Improving Neural Machine Translation with Pre-trained Representation
This work addresses the challenge of enhancing translation quality in NMT by exploiting sentence-level representations, offering incremental improvements over existing methods.
The paper tackles the problem of underutilizing sentence-level contextual knowledge in neural machine translation by proposing a novel structure to leverage monolingual data for acquiring such representations, resulting in improved translation quality over strong Transformer baselines on Chinese-English and German-English tasks, with effectiveness also shown in low-resource English-Turkish scenarios.
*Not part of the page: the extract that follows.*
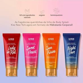 As fragrâncias queridinhas da linha de Body Splash Kiss New York agora em formato de Hidratante Corporal A Loção Hidratante Corporal da Kiss New York contém hemiesqualano, ativo que proporciona hidratação intensa e prolongada, fórmula vegana e feita com 92% de ingredientes naturais.
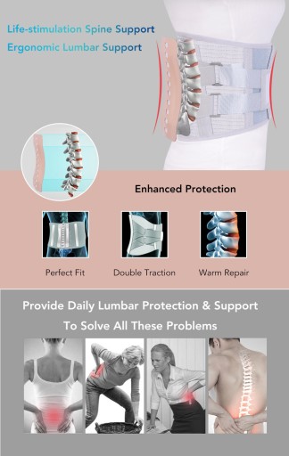 - Pomocnicze płyty podtrzymujące ABS i metalowy wspornik z wzmocnionymi wytrzymałymi sprężynami umożliwiają dodatkową stabilność, zapewniając podwójną ochronę talii, skutecznie pomagając zmniejszyć ciśnienie w talii i ból, a także mogą uniknąć zaniku mięśni.

Monolingual data has been demonstrated to be helpful in improving the translation quality of neural machine translation (NMT). The current methods stay at the usage of word-level knowledge, such as generating synthetic parallel data or extracting information from word embedding. In contrast, the power of sentence-level contextual knowledge which is more complex and diverse, playing an important role in natural language generation, has not been fully exploited. In this paper, we propose a novel structure which could leverage monolingual data to acquire sentence-level contextual representations. Then, we design a framework for integrating both source and target sentence-level representations into NMT model to improve the translation quality. Experimental results on Chinese-English, German-English machine translation tasks show that our proposed model achieves improvement over strong Transformer baselines, while experiments on English-Turkish further demonstrate the effectiveness of our approach in the low-resource scenario.